The transition probability matrix simplifies to: $$M_{ab}(t) = \sqrt{\frac{\pi_b}{\pi_a}} \sum_k V_{ak} \, e^{\mu_k t} \, V_{bk}$$
This is the basis for the symmetrized formulation used throughout the reversible path.
Supported models¶
| Model | States | Reversible | Eigendecomposition |
|---|---|---|---|
| HKY85 | 4 (A,C,G,T) | Yes | Closed-form (4 analytical eigenvectors) |
| Jukes-Cantor | $A$ (any) | Yes | $\mu_0 = 0$, $\mu_k = -A/(A-1)$ for $k \ge 1$; QR complement |
| F81 | $A$ (any) | Yes | $\mu_0 = 0$, $\mu_k = -\mu$ for $k \ge 1$; QR complement |
| General | $A$ (any) | No | Full complex eigendecomposition via eig |
Auto-detection of reversibility is supported via a detailed balance check with configurable tolerance. A rate matrix satisfying detailed balance is automatically routed to the real symmetric (eigh) path; otherwise the complex (eig) path is used.
Rate heterogeneity¶
A discretized gamma distribution (Yang 1994) with shape $\alpha$ and $K$ categories provides rate multipliers $r_k$ at quantile medians, with equal weights $1/K$. Each rate category scales the eigenvalues: $\mu'_k = r_k \cdot \mu_k$.
Algorithm¶
Steps 1 and 2 operate on the transition matrices $M(t)$ directly and are identical for reversible and irreversible models. Steps 3 and 4 work in the eigenbasis and differ in how vectors are projected and back-transformed.

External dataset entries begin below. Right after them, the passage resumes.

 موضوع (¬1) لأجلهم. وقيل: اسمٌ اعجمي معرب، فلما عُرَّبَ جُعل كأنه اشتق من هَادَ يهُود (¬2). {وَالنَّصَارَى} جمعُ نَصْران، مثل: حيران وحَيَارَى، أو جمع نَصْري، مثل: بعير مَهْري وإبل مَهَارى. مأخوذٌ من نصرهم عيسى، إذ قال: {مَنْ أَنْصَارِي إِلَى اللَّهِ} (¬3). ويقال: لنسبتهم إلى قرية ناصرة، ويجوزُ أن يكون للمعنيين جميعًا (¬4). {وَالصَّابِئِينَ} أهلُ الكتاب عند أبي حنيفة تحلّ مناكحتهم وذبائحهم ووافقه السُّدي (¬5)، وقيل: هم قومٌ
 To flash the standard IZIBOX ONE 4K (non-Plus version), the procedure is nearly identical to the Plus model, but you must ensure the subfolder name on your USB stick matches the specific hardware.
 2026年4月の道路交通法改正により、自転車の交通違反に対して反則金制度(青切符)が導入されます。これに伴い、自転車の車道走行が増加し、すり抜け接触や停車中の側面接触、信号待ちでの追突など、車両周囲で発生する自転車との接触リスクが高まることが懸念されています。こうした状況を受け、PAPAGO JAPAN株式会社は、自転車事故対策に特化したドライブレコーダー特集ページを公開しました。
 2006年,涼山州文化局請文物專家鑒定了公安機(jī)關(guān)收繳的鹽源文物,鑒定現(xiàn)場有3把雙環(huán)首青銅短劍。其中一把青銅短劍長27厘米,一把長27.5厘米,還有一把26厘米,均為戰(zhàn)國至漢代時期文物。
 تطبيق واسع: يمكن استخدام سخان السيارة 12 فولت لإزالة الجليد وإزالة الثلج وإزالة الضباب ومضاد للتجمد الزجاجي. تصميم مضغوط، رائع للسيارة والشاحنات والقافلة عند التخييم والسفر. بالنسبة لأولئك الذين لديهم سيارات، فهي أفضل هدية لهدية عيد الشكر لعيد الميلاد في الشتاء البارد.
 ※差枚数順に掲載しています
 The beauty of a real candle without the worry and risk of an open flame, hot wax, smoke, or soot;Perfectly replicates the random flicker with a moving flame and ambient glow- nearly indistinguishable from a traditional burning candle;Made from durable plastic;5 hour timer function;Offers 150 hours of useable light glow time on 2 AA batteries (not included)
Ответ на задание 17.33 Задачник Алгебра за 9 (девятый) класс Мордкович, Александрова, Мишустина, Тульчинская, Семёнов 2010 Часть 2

Step 1: Felsenstein pruning (upward/inside pass)¶
For each node $n$ in postorder (leaves to root), the inside vector $U^{(n)}_a(c)$ gives the likelihood of the data below node $n$ given that $n$ is in state $a$ at column $c$.
Leaf initialization:
- $U^{(n)}_a(c) = \delta_{a, x_{n,c}}$ if observed
- $U^{(n)}_a(c) = 1$ for all $a$ if gapped or unobserved
Internal node recursion: $$U^{(p)}_b(c) = \prod_{\text{child } n \text{ of } p} \left[ \sum_j M_{bj}(t_n) \cdot U^{(n)}_j(c) \right]$$
Rescaling: After each multiplication, divide by $\max_b U^{(p)}_b(c)$ and accumulate the log-normalizer $\lambda^{(p)}(c)$ to prevent underflow.
Log-likelihood: $$\log P(x_c) = \lambda^{(0)}(c) + \log \left[ \sum_a \pi_a \cdot U^{(0)}_a(c) \right]$$
Step 2: Outside algorithm (downward pass)¶
For each non-root node $n$ in preorder, the outside vector $D^{(n)}_a(c)$ gives the likelihood of all data except the subtree below $n$, given that $n$ is in state $a$.

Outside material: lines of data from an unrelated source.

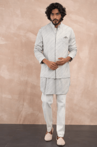 Ice Grey Georgette Hand Embroidered Nehru Jacket Set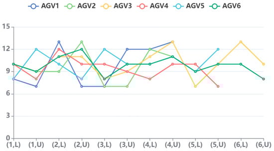 Equations (7) and (8) reflect the time correlation between the two adjacent tasks performed by the same AGV. Equation (7) indicates that the start moment of the first task for the AGV is the time from its start position to the pickup point of its first task. Equation (8) indicates that the start moment of one task for the AGV is the time from its start position to the pickup point of its first task. The start moment of the current task is equal to the sum of the start moment of the previous task, the loading time of the previous task, the transport time of the previous task, the unloading time of the previous task, and the time from the delivery point of the previous task to the pickup point of the current task.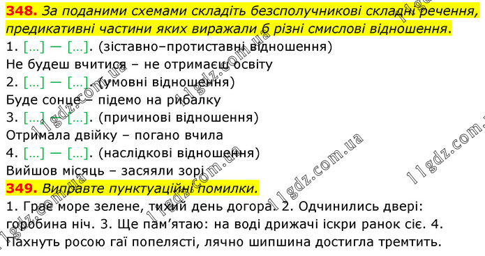 348. За поданими схемами складіть безсполучникові складні речення, предикативні частини яких виражали б різні смислові відношення. 1. […] — […]. (зіставно–протиставні відношення) Не будеш вчитися – не отримаєш освіту 2. […] — […]. (умовні відношення) Буде сонце – підемо на рибалку 3. […] — […]. (причинові відношення) Отримала двійку – погано вчила 4. […] — […]. (наслідкові відношення) Вийшов місяць – засяяли зорі 349. Виправте пунктуаційні помилки. 1. Грає море зелене, тихий день догора. 2. Одчинились двері: горобина ніч. 3. Ще пам’ятаю: на воді дрижачі іскри ранок сіє. 4. Пахнуть росою гаї попелясті, лячно шипшина достигла тремтить.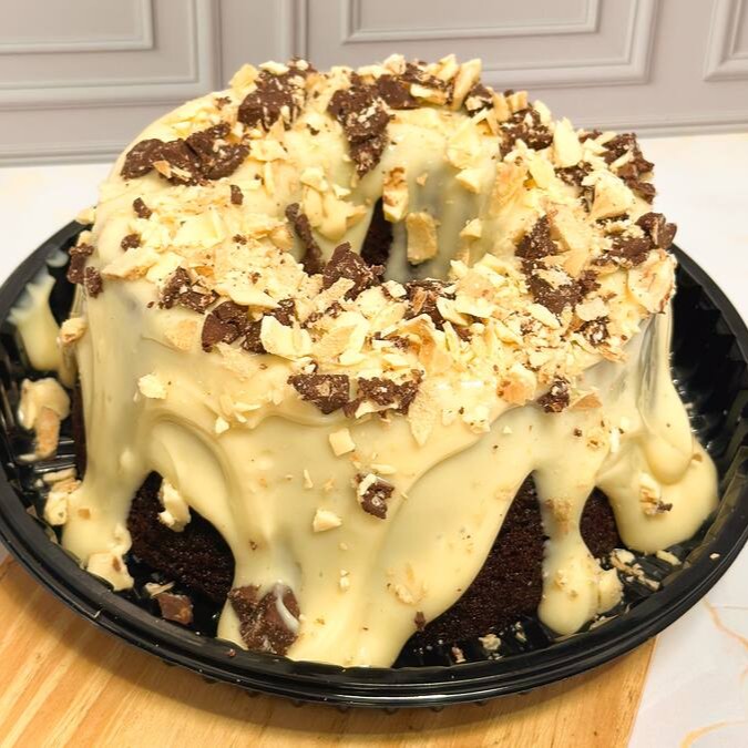 Composta por bombons Ouro Branco picados, delicioso recheio cremoso de leite em pó e recheio de chocolate 50% cacau bem cremoso e brilhante. Pedaços do nosso brownie bem molhadinho e chocolatudo. Finalizado com granulado de chocolate nobre e mais bombons para decorar.

For node $n$ with parent $p$ and sibling $s$: $$D^{(n)}_a(c) = \left[ \sum_j M_{aj}(t_s) \cdot U^{(s)}_j(c) \right] \cdot L(x_p \mid a) \cdot \begin{cases} \pi_a & \text{if } p = \text{root} \\ \sum_i D^{(p)}_i(c) \cdot M_{ia}(t_p) & \text{otherwise} \end{cases}$$
where $L(x_p \mid a)$ is the observation likelihood at the parent node.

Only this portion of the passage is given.